Neither build uses AI to design the object itself. That is the gap Sam wants closed:
But having an AI tool that could, like, easily customize these complex files so I could take something that already existed and and tweak it the way I I wanted would be, I think, an exciting application for AI and three d printing.
— Sam Nadler, Episode 13
What's still hard
- Pretty models aren't parts. A 3D model that looks right is not one a shop can build. Hestus is working toward manufacturing readiness one layer at a time: sketch, 3D, assemblies, then manufacturing.
- LLM progress doesn't carry over. Sohrab said physical design needs a custom model, so a better LLM mostly means his team codes faster. Vinci trained its own model from scratch and so far covers thermal and thermo-mechanical physics; customers want more.
- Specialists are the bottleneck. Hardik said physics work is capped by how many experts and experiments a company has, not by compute. Design, performance checks and manufacturability often sit with different people, sometimes at different companies.

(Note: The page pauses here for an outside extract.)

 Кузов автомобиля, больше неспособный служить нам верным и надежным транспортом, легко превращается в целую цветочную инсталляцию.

- Old systems stick. Wiley said enterprise systems become hard to separate from running the company. Only about 5 to 10% of the market looks to switch in a given year, usually after growth, a new product line or a sale.

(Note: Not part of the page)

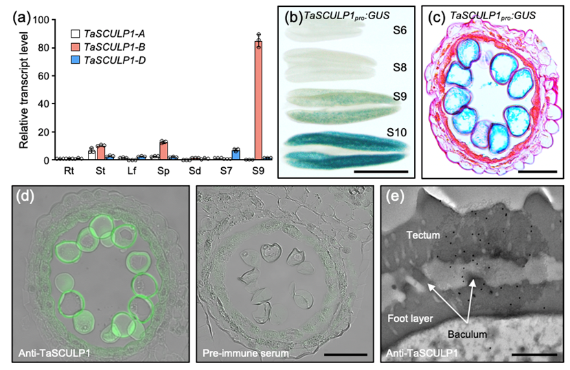 該研究通過比較轉(zhuǎn)錄組的方法鑒定到種子植物中保守的、小孢子特異表達(dá)的多銅氧化酶SCULP(SKS clade universal in pollen)。選取小麥TaSCULP1進(jìn)行表達(dá)模式分析,發(fā)現(xiàn)其在單核期和二核期小孢子外壁特異表達(dá)(圖1),這是已知孢粉素前體聚合階段,也與小孢子對銅元素的關(guān)鍵需求時期相吻合。純化的TaSCULP1可以結(jié)合孢粉素酚類單元對香豆酸,通過遺傳、化學(xué)分析和三維重構(gòu)證明TaSCULP1是孢粉素對香豆酰化和小麥花粉外壁基粒棒結(jié)構(gòu)的起始與生長以及花粉成熟所必需的(圖2)。以上結(jié)果揭示了孢粉素前體聚合過程中的小孢子自主功能,為花粉外壁圖案形成和孢粉素生物工程合成奠定了基礎(chǔ)。

- Printers need care. Jordan said our printers work well but still need a lot of maintenance and upkeep, and he expects that to improve.
Episodes on AI in manufacturing
- Episode 12: Recipes from Receipts: product images for 3D-printed hoodie charms (September 2025).
- Episode 13: We 3D Printed Our Podcast: keychains on a Bambu Lab X1C (September 2025).
- Episode 44: This AI Platform Lets Anyone Manage Operations with Wiley Jones of Doss (May 2026).
- Episode 50: Physics Simulation for Chip Design with Hardik Kabaria of Vinci (July 2026).
- Episode 53: Autocomplete for Hardware Design with Sohrab Haghighat of Hestus (October 2026).
FAQ
How is AI used in manufacturing?
The hardware founders we hosted use it at different stages: Hestus suggests the next CAD step inside Autodesk Fusion, Vinci's physics model answers thermal and stress questions during design, and Doss runs procurement, inventory and orders for companies that make physical products.
Can AI design parts that are ready for manufacturing?
Not yet, according to Hestus CEO Sohrab Haghighat. Today Hestus saves clicks in 2D sketches. Its long-term goal is to take engineers from concept to a design ready for the manufacturing method they have in mind, built up step by step through 3D and assemblies.
Do better LLMs make AI for hardware design better?
Not directly, Sohrab said. Physical design needs a custom model built from the ground up, so better LLMs mostly help his team write code faster. Vinci also trained its own half-billion-parameter physics model rather than relying on a language model.
What does AI change for hardware engineers?
Vinci CEO Hardik Kabaria says physics analysis has been limited by how many specialists and lab experiments a company can afford. His goal is for any designer to ask a physics question and get an answer in minutes or seconds instead of waiting a day.